• [WHAT YOU WILL DO] Pictures excluded, return the lines below from the first through the line holding "De woonkamer is".

[[ RECORDS PROVIDED, beginning ]]

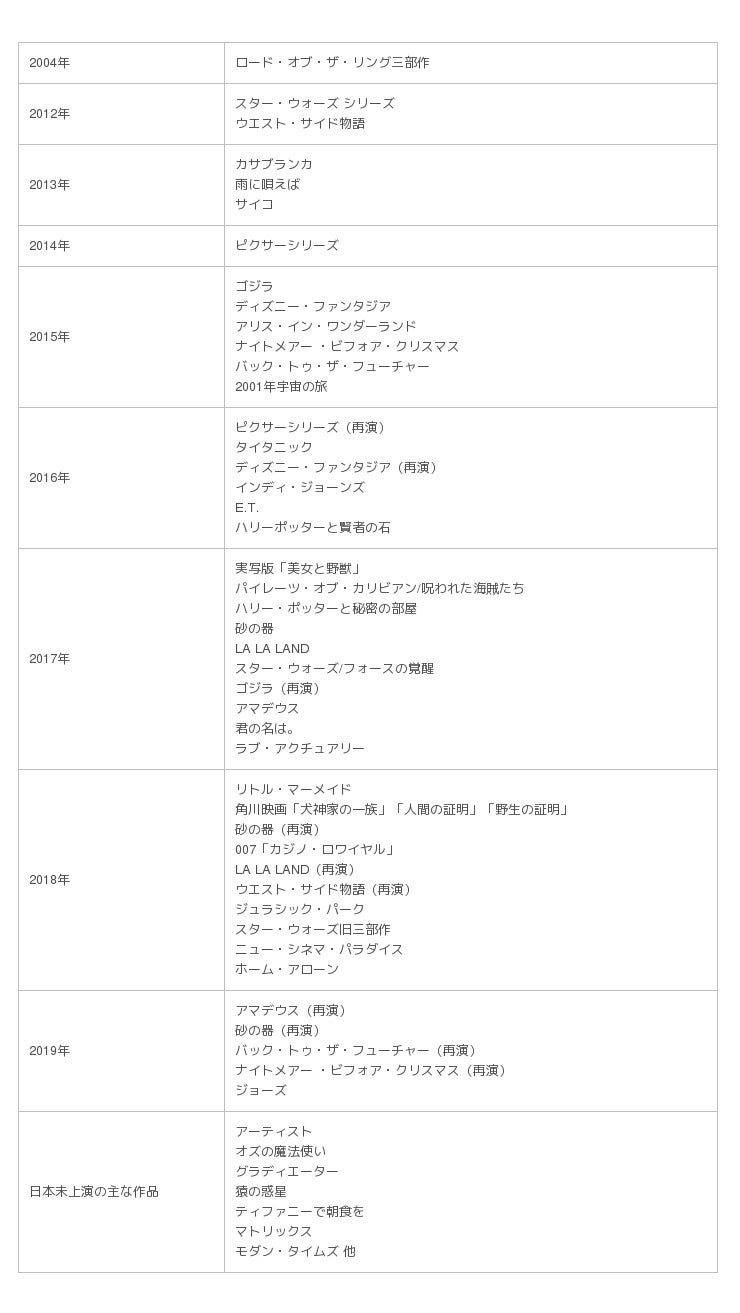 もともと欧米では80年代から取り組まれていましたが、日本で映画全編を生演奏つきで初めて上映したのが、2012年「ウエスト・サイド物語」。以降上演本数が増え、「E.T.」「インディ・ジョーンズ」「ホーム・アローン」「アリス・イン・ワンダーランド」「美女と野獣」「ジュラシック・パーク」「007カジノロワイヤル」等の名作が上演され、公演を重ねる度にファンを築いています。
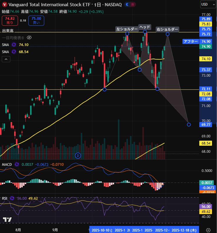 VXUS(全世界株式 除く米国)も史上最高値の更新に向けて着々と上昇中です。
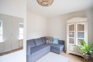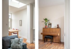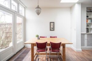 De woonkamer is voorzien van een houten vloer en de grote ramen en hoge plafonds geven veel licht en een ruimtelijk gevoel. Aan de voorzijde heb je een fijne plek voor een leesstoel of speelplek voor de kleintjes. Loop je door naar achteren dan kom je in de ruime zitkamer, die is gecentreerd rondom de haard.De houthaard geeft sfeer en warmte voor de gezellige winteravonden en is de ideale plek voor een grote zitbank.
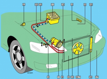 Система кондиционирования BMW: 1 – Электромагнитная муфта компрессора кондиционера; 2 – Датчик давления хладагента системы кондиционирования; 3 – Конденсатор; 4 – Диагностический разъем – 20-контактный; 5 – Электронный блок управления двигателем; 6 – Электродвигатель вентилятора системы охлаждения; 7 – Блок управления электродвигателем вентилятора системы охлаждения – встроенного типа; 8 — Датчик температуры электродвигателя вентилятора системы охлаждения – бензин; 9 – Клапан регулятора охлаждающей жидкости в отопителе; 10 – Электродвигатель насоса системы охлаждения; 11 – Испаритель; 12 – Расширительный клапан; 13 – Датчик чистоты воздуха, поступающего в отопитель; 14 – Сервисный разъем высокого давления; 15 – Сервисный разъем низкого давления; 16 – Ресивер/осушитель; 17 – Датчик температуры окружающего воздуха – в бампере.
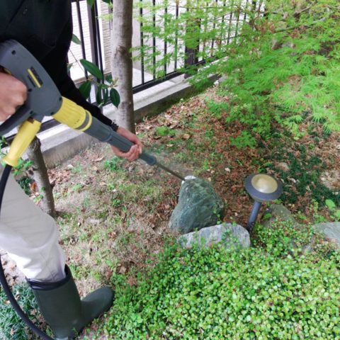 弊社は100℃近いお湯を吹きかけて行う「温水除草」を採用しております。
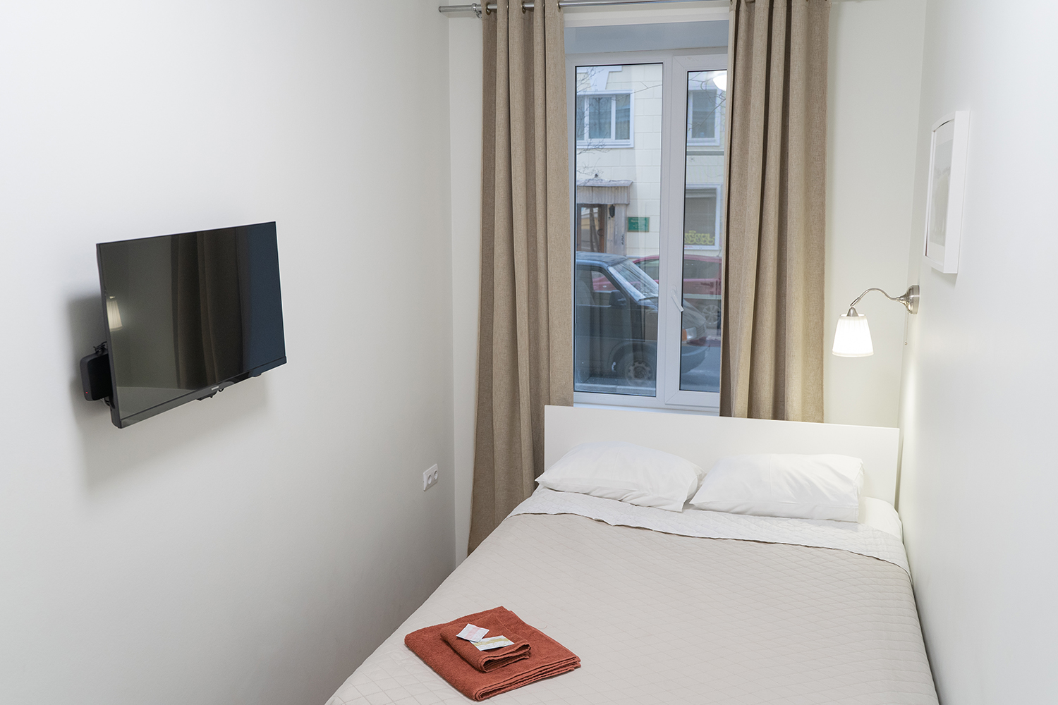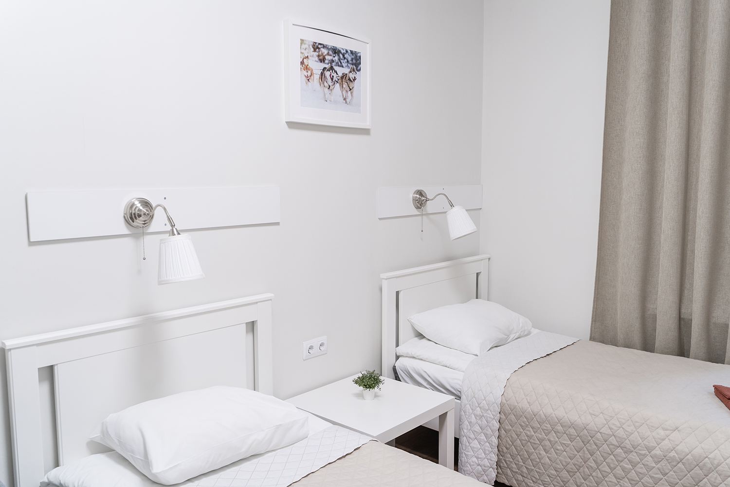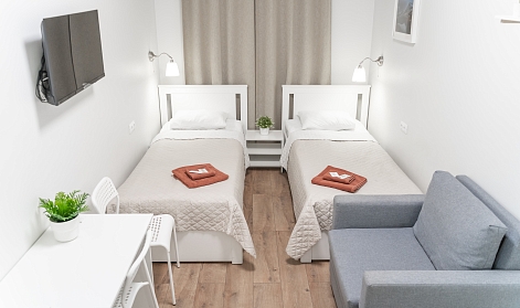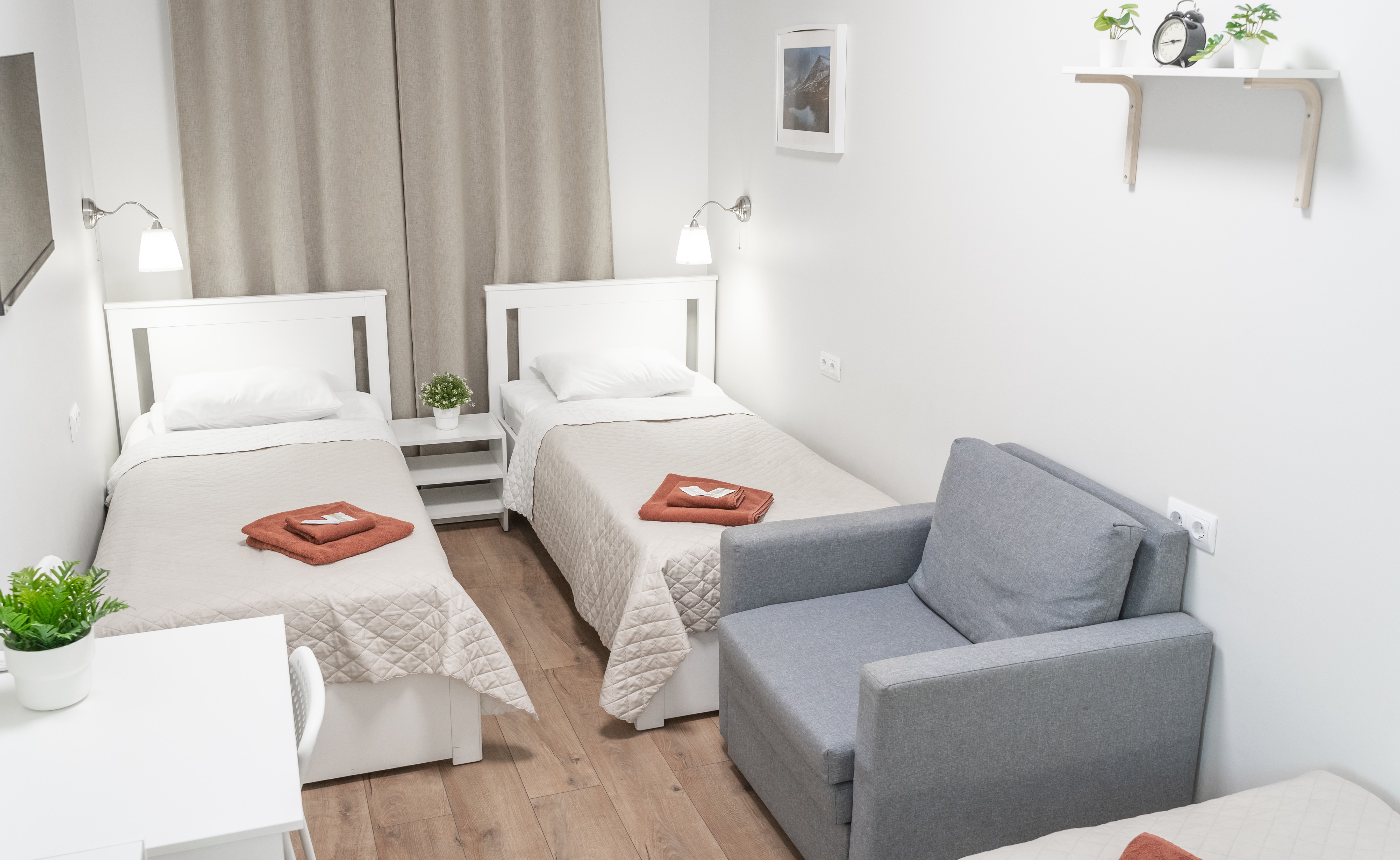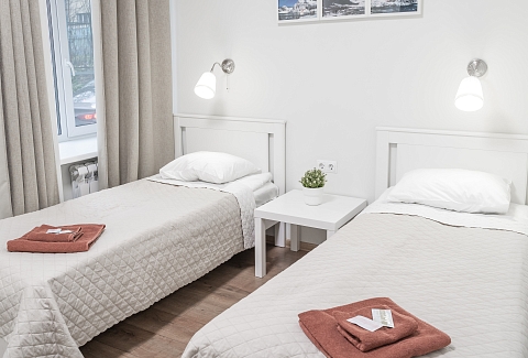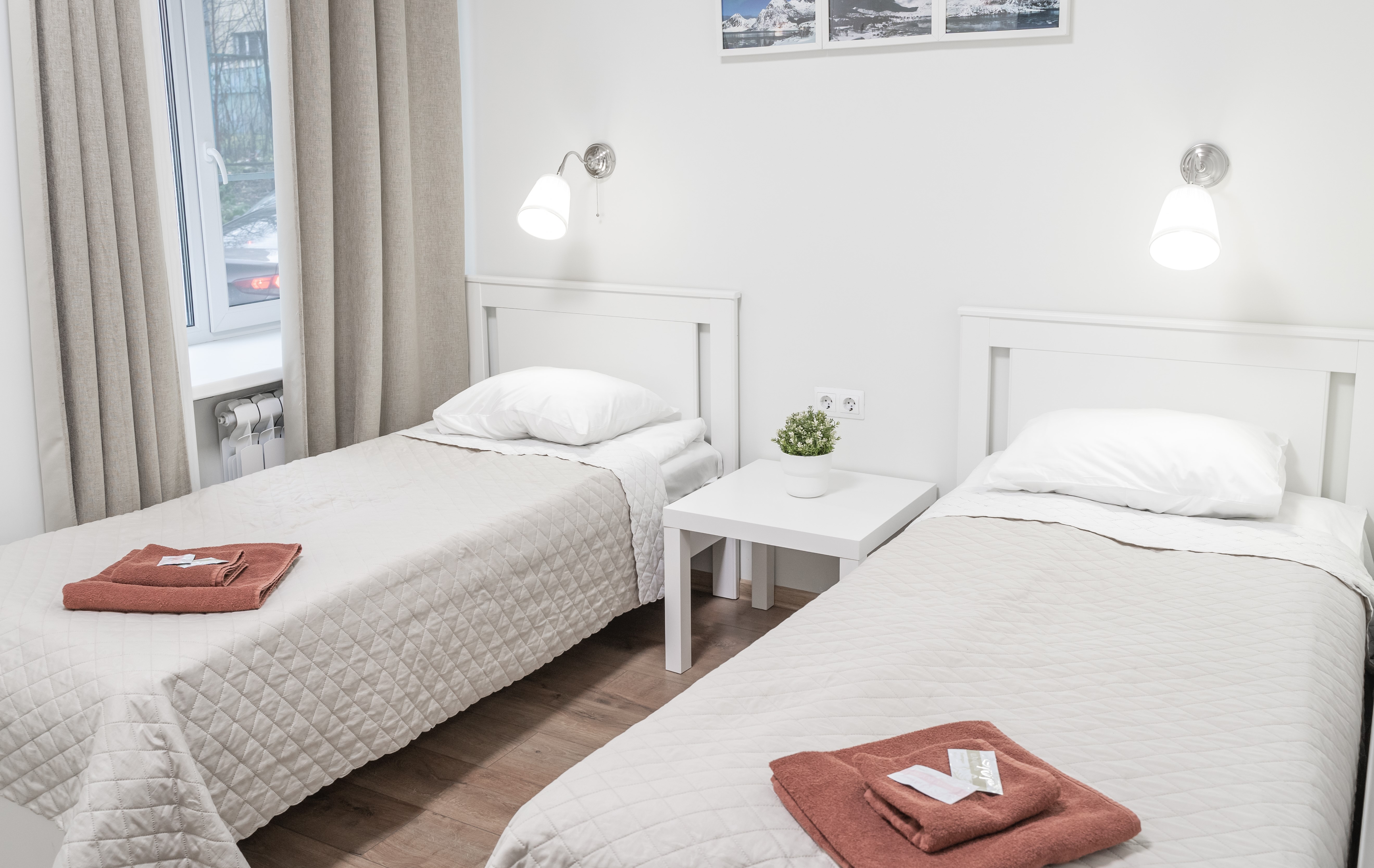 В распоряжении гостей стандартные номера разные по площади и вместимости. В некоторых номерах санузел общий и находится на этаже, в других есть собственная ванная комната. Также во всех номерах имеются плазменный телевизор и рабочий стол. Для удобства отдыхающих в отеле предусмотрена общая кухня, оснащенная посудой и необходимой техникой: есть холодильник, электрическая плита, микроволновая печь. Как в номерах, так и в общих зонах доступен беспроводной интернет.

[[ RECORDS PROVIDED, end ]]

• [RESPONSE TO THIS TASK]
 もともと欧米では80年代から取り組まれていましたが、日本で映画全編を生演奏つきで初めて上映したのが、2012年「ウエスト・サイド物語」。以降上演本数が増え、「E.T.」「インディ・ジョーンズ」「ホーム・アローン」「アリス・イン・ワンダーランド」「美女と野獣」「ジュラシック・パーク」「007カジノロワイヤル」等の名作が上演され、公演を重ねる度にファンを築いています。
 VXUS(全世界株式 除く米国)も史上最高値の更新に向けて着々と上昇中です。
 De woonkamer is voorzien van een houten vloer en de grote ramen en hoge plafonds geven veel licht en een ruimtelijk gevoel. Aan de voorzijde heb je een fijne plek voor een leesstoel of speelplek voor de kleintjes. Loop je door naar achteren dan kom je in de ruime zitkamer, die is gecentreerd rondom de haard.De houthaard geeft sfeer en warmte voor de gezellige winteravonden en is de ideale plek voor een grote zitbank.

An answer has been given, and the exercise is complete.